(Recorded data Opens)

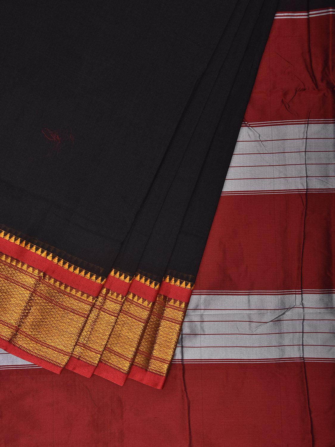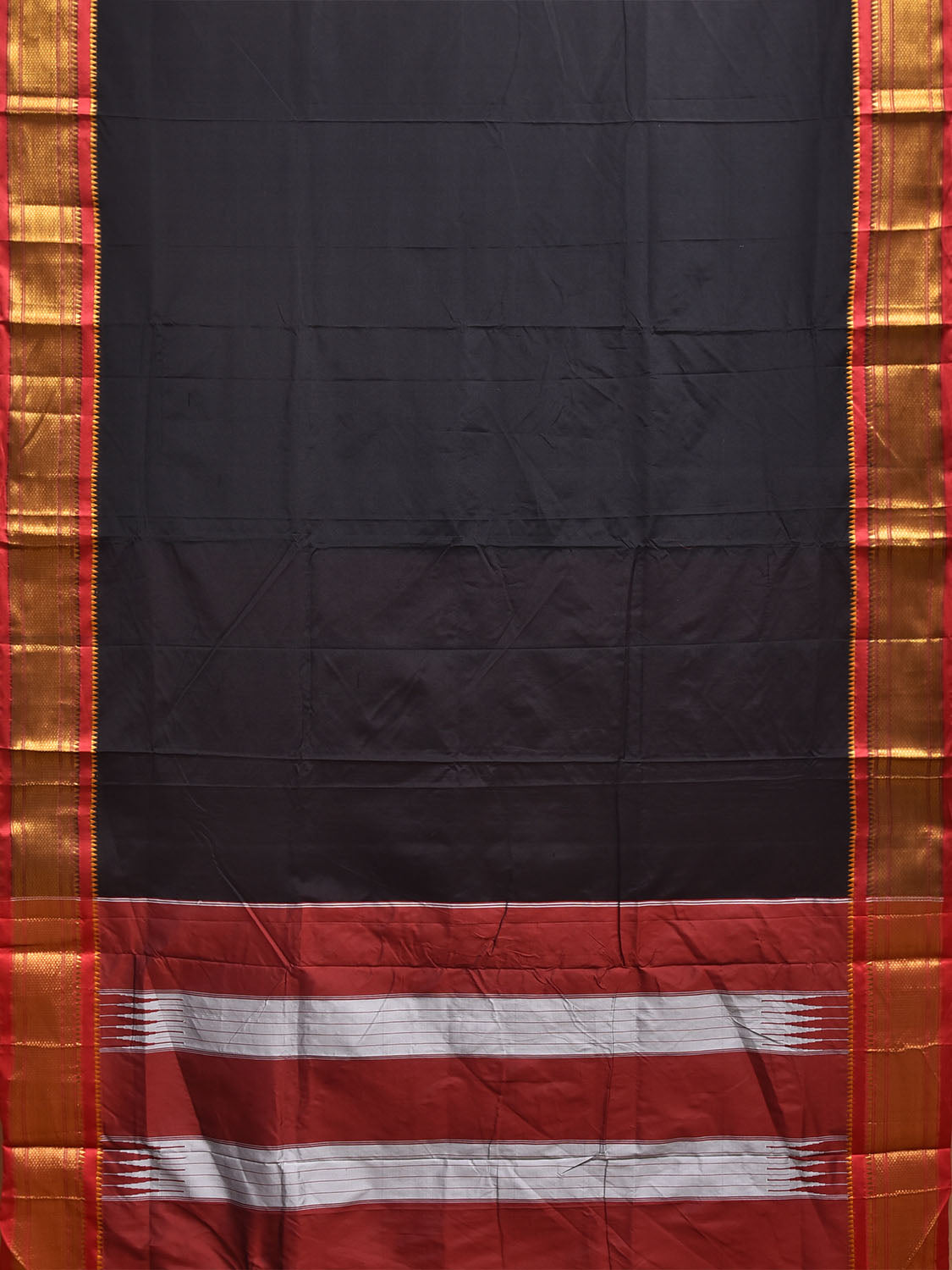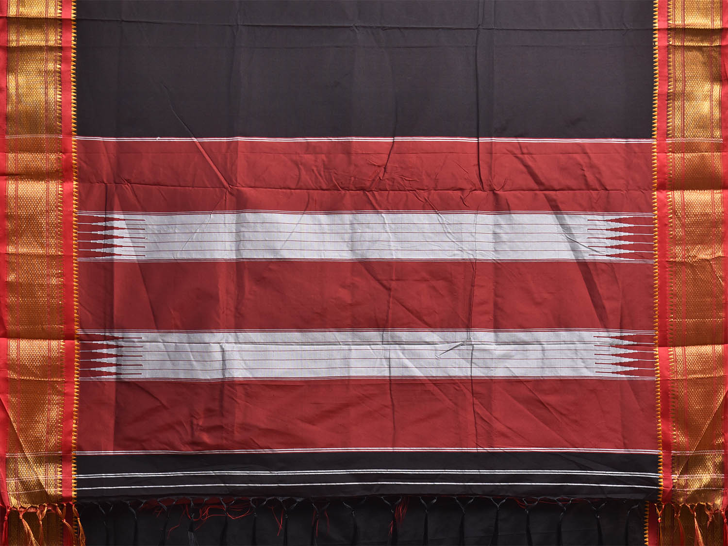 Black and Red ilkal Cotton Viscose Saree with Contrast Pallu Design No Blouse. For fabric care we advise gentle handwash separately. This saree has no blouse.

(Recorded data Closes)
(Recorded data Opens)

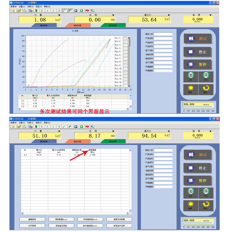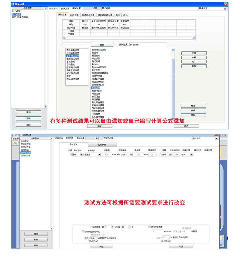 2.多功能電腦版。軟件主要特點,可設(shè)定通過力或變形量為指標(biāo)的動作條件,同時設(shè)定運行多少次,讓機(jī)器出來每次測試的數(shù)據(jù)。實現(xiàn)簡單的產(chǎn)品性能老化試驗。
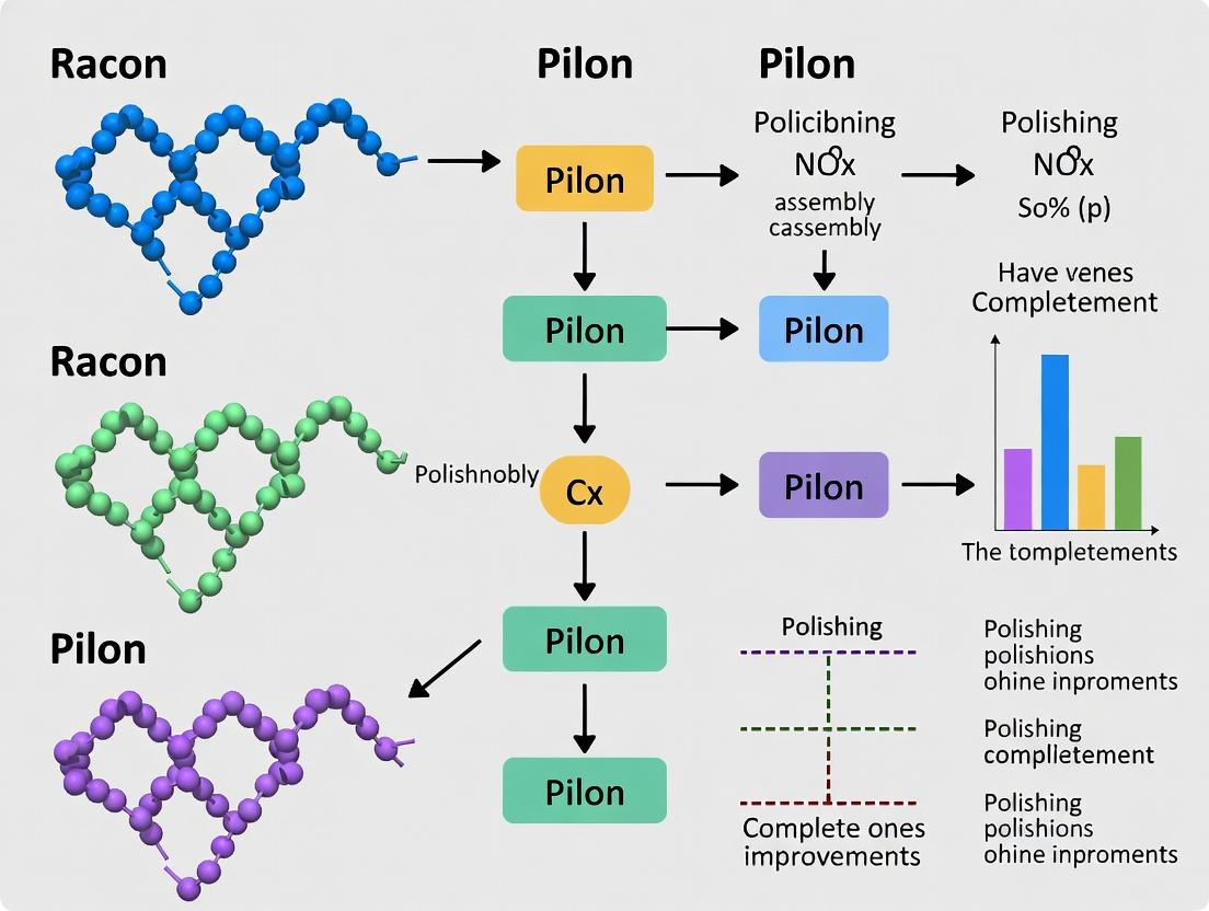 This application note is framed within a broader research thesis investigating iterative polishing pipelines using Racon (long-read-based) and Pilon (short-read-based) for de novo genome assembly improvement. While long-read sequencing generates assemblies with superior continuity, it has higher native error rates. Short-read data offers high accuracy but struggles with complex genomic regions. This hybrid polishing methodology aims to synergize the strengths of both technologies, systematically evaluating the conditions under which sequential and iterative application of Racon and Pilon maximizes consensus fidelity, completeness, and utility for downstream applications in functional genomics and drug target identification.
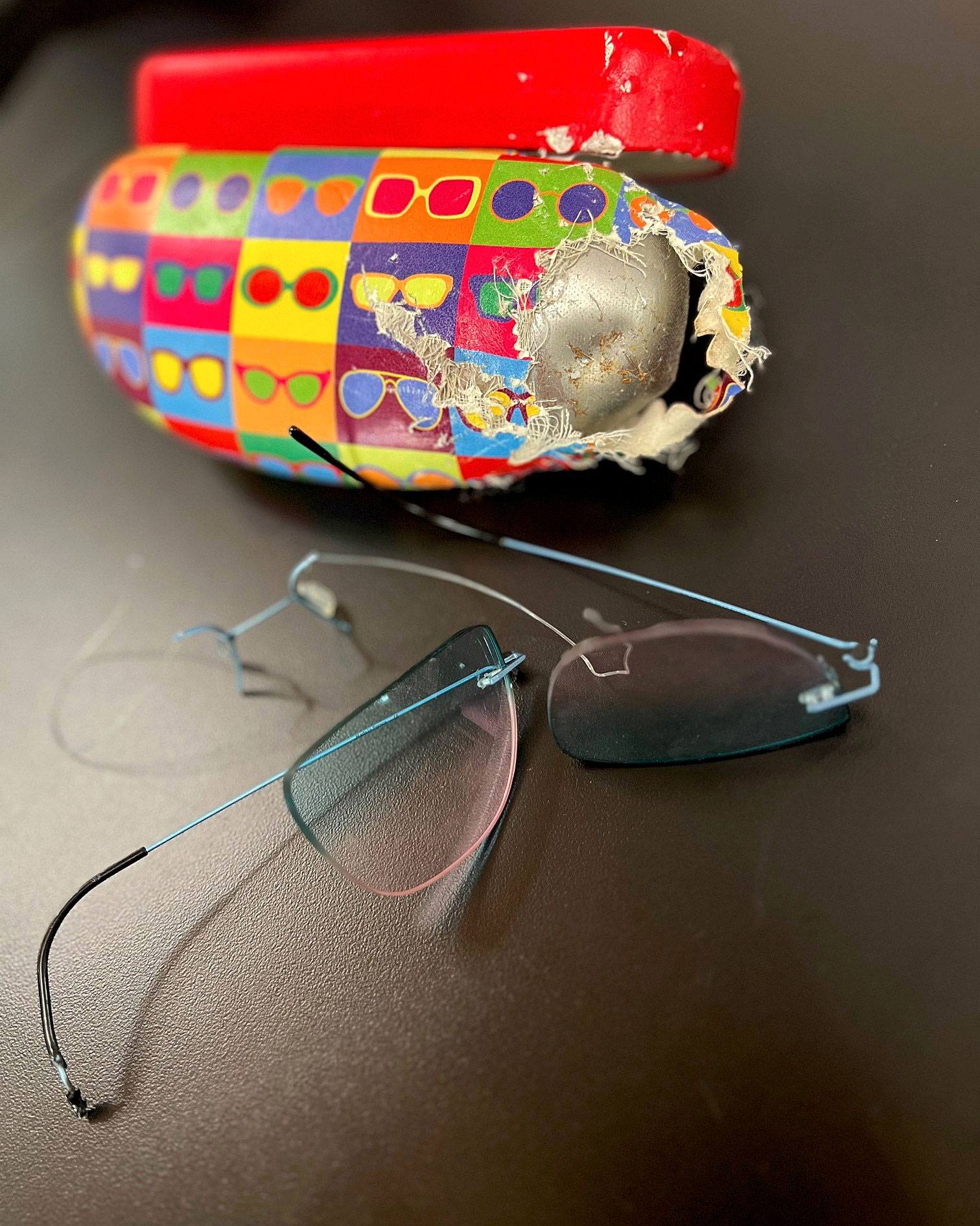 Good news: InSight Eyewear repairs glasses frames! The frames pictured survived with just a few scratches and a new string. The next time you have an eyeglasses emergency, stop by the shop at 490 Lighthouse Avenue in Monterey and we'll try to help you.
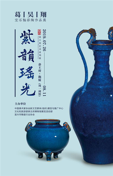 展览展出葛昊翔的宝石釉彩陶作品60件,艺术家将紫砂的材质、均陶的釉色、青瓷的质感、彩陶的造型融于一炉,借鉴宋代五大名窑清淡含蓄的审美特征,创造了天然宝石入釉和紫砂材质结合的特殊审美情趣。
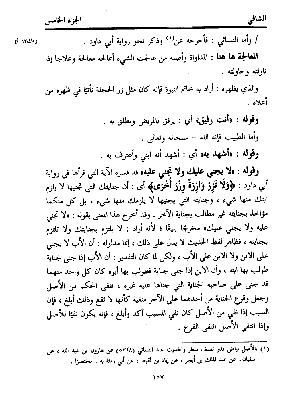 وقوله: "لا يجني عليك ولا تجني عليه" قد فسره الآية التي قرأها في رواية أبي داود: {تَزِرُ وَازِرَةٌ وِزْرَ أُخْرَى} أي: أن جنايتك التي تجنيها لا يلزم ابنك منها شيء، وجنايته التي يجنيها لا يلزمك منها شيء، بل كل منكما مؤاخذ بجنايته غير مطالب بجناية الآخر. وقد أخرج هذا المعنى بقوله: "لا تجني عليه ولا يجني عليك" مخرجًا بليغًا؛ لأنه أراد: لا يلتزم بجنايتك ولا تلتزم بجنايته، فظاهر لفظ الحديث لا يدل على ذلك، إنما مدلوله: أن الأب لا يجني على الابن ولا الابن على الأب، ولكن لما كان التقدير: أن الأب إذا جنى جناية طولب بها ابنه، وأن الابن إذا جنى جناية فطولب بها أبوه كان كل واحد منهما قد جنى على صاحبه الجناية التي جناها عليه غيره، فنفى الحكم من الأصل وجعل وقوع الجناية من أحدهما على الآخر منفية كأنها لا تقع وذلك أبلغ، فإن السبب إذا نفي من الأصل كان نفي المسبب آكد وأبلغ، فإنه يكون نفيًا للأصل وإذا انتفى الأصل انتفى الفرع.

(Recorded data Closes)

Using the listing above, reproduce word for word every line from the one containing "This application note" through the one containing "展览展出葛昊翔的宝石釉彩陶作". Pictures must be left out.

• **Solution to this exercise**:
 This application note is framed within a broader research thesis investigating iterative polishing pipelines using Racon (long-read-based) and Pilon (short-read-based) for de novo genome assembly improvement. While long-read sequencing generates assemblies with superior continuity, it has higher native error rates. Short-read data offers high accuracy but struggles with complex genomic regions. This hybrid polishing methodology aims to synergize the strengths of both technologies, systematically evaluating the conditions under which sequential and iterative application of Racon and Pilon maximizes consensus fidelity, completeness, and utility for downstream applications in functional genomics and drug target identification.
 Good news: InSight Eyewear repairs glasses frames! The frames pictured survived with just a few scratches and a new string. The next time you have an eyeglasses emergency, stop by the shop at 490 Lighthouse Avenue in Monterey and we'll try to help you.
 展览展出葛昊翔的宝石釉彩陶作品60件,艺术家将紫砂的材质、均陶的釉色、青瓷的质感、彩陶的造型融于一炉,借鉴宋代五大名窑清淡含蓄的审美特征,创造了天然宝石入釉和紫砂材质结合的特殊审美情趣。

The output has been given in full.